All the Ugly and Wonderful Things

“Really? I never met anyone with either of those names. So that’s pretty cool. I mean, I have a pretty common name, so it’s neat to meet people who have unusual names.”


Joshua’s teeth were perfect. He must have had braces. Renee talked about him like he was a statue. David standing naked in a museum in Italy. I thought he was more like a mannequin in a department store. He smelled like a mannequin, too. Soap, deodorant, cologne, mouthwash. How was I supposed to tell what he smelled like under all of that?

“So, what’s your major?” he said.

“Astrophysics.” I didn’t want him to panic, but as soon as I said it, his eyes got bigger.

“Oh, um, wow. So, uh, what do you do with a degree in astrophysics?”

“Become an astrophysicist.”

Joshua stared at me. I was being impossible again, saying things he didn’t know how to respond to. Serial conversation killer, Renee called me.

When she came back with the mail, I expected her to give me an accusatory look, since Joshua and I were sitting there in silence. Instead, she slammed the front door and practically ran across the room to the kitchen.

“Wavy, will you come in here?” she called.





7

RENEE

I went down to get the mail to give Joshua and Wavy a chance to talk in private. She did need to get on with her life. Then I saw what was in the mailbox: a pizza coupon flier and one of those familiar, heartbreaking envelopes. A fancy envelope, addressed to Jesse Joe Barfoot, Jr. Inmate #451197. Stamped UNAUTHORIZED CORRESPONDENCE in big red letters. Except this one wasn’t. This envelope had a big red stamp that said RELEASED.

A less romantic person might have taken a more measured approach.

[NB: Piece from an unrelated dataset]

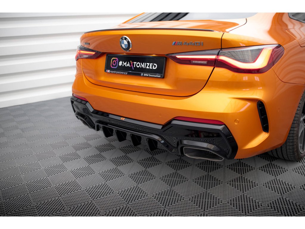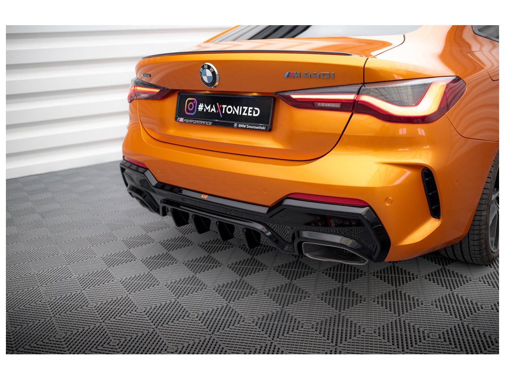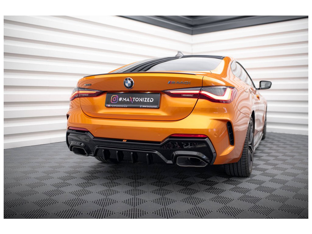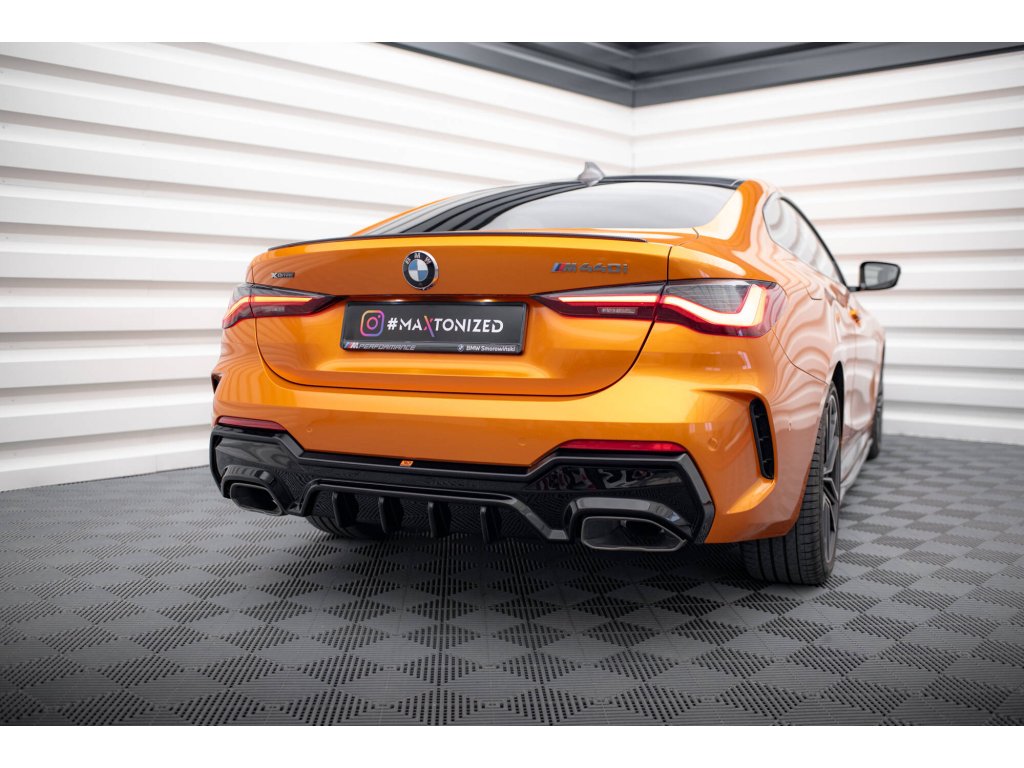 Maxton Design vložka zadního nárazníku pro vozidlo BMW řada 4 G22, G22 Facelift, G23, G23 Facelift . Povrchová úprava spoileru černý lesklý plast ABS.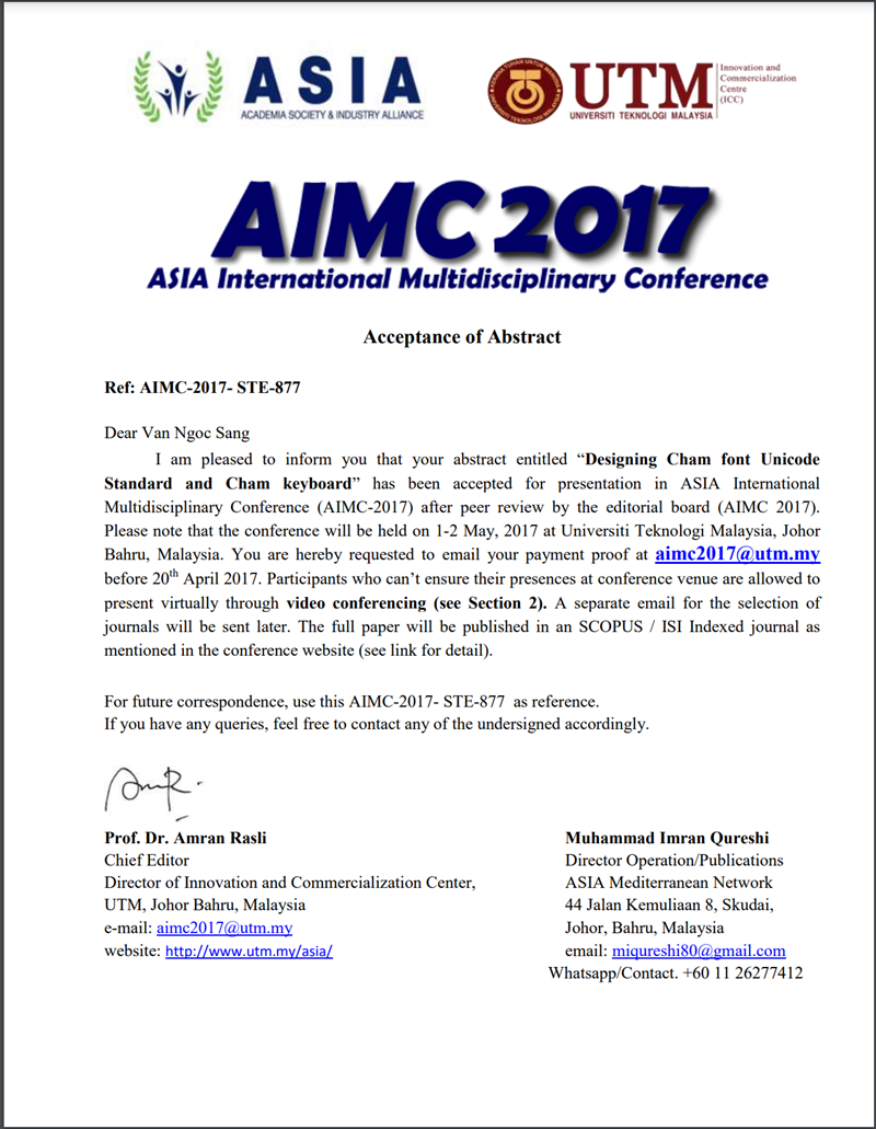 Hình 29. Acceptance of abstract (AIMC2017): Design Cham font Unicode Standard and Cham Keyboard

Me, I thought, Screw moving on. This is true love! Clutching the mail in one hand, and my boobs in the other, I ran up both flights of stairs.

I put the envelope down in the middle of the kitchen table, and when Wavy walked in, I was staring at it in disbelief. She picked up the letter and her hands started to shake. I can only imagine what was going on inside her head, because my brain was lit up like the Vegas strip.

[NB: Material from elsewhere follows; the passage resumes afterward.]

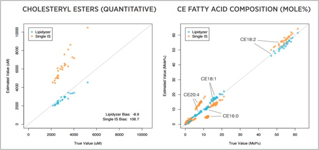 정량 바이어스가 없습니다. 사람 혈청 내 콜레스테롤에스테르 총 농도(CE 왼쪽)와 콜레스테롤에스테르의 지방산(FA) 조성(CE FA 오른쪽)을 정확하게 정량 분석하기 위한 단일 내부 표준물 사용과 Lipidyzer 플랫폼 내부 표준물을 비교했습니다. 시료는 총 CE와 프로파일링된 CE FA 조성이 확인된 사람 혈청 25개였습니다. 단일 내부 표준물 방식을 사용하는 경우, 플랫폼은 100% 바이어스와 비교 시 10% 바이어스 미만으로 총 CE를 정량화했습니다. 모든 클래스에서 이러한 패턴을 나타냈습니다.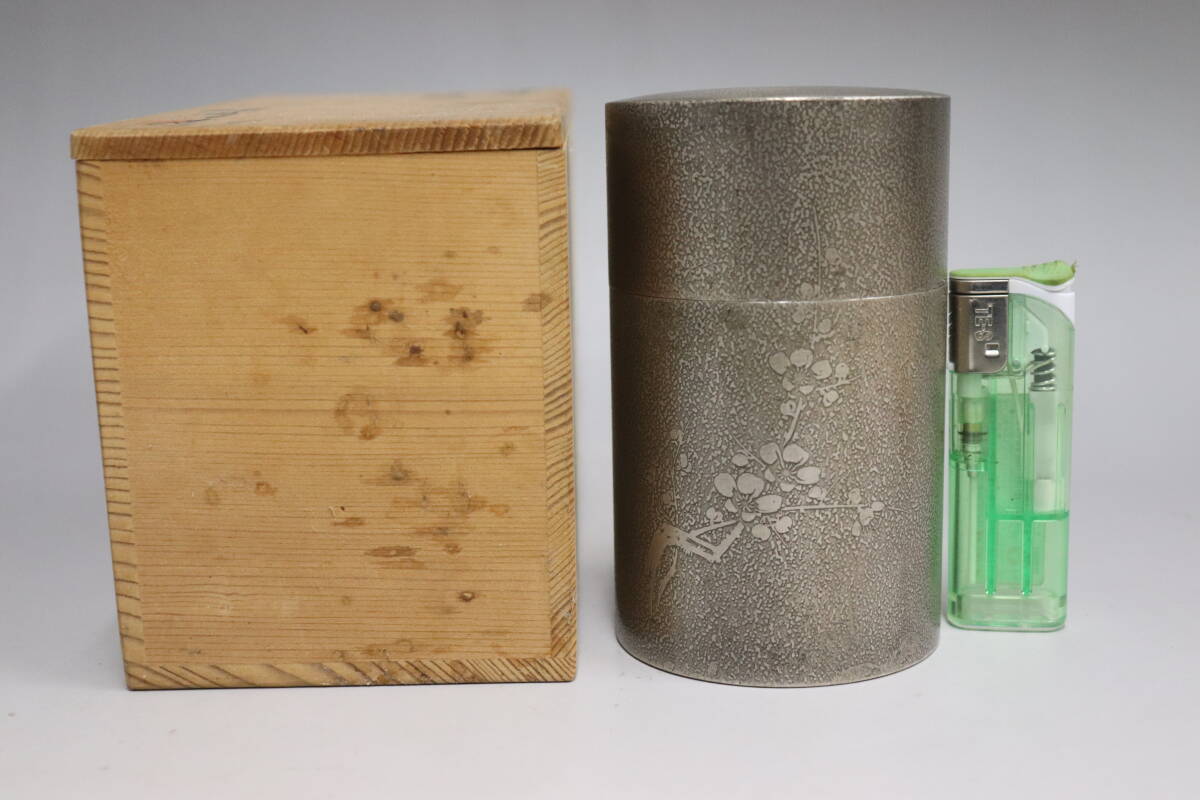 - 時代 純銀製 梅図 茶入 529g 古美術品 (材質不明)

“Does that mean he’s been paroled? Don’t they have to notify you? If he’s out, why hasn’t he come to see you?” I said.

Oh, right. If he hadn’t been getting her letters, he wouldn’t know our address. It wasn’t like he could drop by her aunt’s house and say, “Hey, where’s Wavy?”

How was he going to find her?

He wasn’t. We were going to find him. At last, I wasn’t just a fat college girl watching a soap opera. I was part of the drama. I was going to rewrite the third act and change it from tragedy to happily ever after.

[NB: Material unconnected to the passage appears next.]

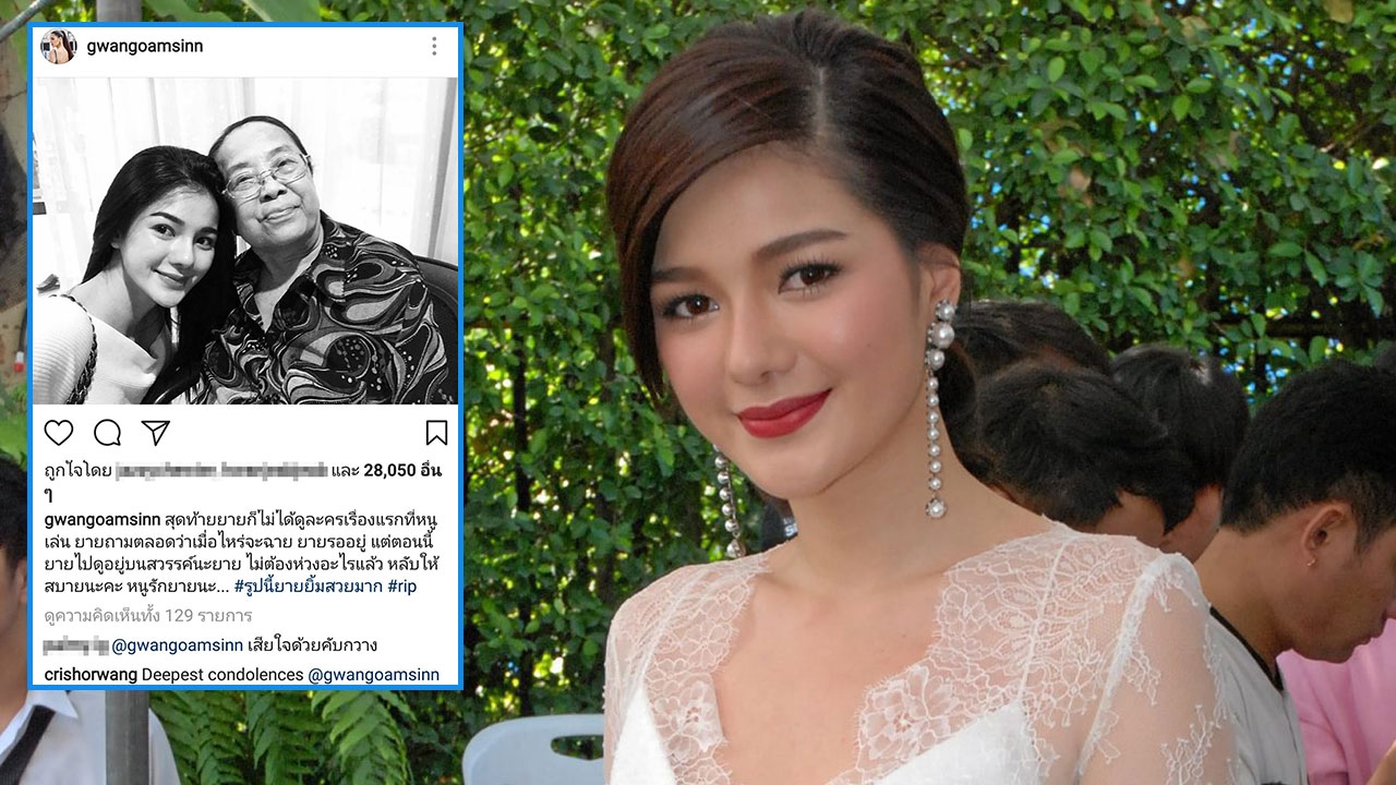 โดยสาวกวางได้โพสต์รูปคู่กับคุณยายในไอจีส่วนตัว @gwangoamsinn พร้อมด้วยข้อความสุดเศร้าว่า “สุดท้ายยายก็ไม่ได้ดูละครเรื่องแรกที่หนูเล่น ยายถามตลอดว่าเมื่อไหร่จะฉาย ยายรออยู่ แต่ตอนนี้ยายไปดูอยู่บนสวรรค์นะยาย ไม่ต้องห่วงอะไรแล้ว หลับให้สบายนะคะ หนูรักยายนะ... #รูปนี้ยายยิ้มสวยมาก #rip”

While Wavy sat there in shock, the envelope pressed between both her hands, I picked up the phone and started making calls, all of them long distance and out of state. I wondered what Mrs. Brenda Newling would say when Wavy’s phone bill hit triple digits.

“Hey, what’s up?” Joshua said. He stood in the doorway, looking unbelievably sexy.

“Give us a couple minutes, okay?” I was on hold with someone at the office where they kept the records for the state’s sex offender registry, a thing I hadn’t even known existed until somebody at the Department of Corrections transferred me there.

“Is she okay?” He was looking at Wavy, who seemed a little shaky.

“She’s had some news—”

“Ma’am?” Someone came back on the other end of the phone line. “Do you have the offender’s full legal name?”

“Jesse Joe Barfoot, Jr. I don’t know what the process is—”

“One moment, please.”

Wavy looked at me expectantly.

The woman came back on the line and read me a street address, apartment number, and city. Wellburg, which was across the state line, less than three hours away. I wrote it down on the back of the pizza flier, and as soon as Wavy saw it, she jumped up from the table and brushed past Joshua in the doorway. I knew exactly where she was going: to get ready for her reunion with Kellen.

“So, do you think I have a chance with Wavy?” Joshua shot me a panty-melting grin.

For a few seconds, a whole scenario played out in my mind. After I broke the bad news to him about Wavy’s fiancé being paroled, I would usher him into my bedroom. Wavy could drive herself to Wellburg. Meanwhile, I would comfort Joshua, listening sympathetically, while I arranged myself on my bed in a flattering pose. I would make him feel sexy and smart and funny.

That’s exactly what I was imagining. I would get him in my room and seduce him, thereby accomplishing the whole point of me inviting him to the party in the first place. He really was amazingly good-looking. It wouldn’t be a hardship to fall into bed with him, but what kind of lies would I have to tell myself to pretend I wasn’t a second choice rebound?

“The thing is,” I said. “Wavy has a lot of baggage. Like a nine-piece matched set of hard-sided Samsonite. The girl is so far—”

For the first time in my life, I stopped. It wasn’t my story to tell.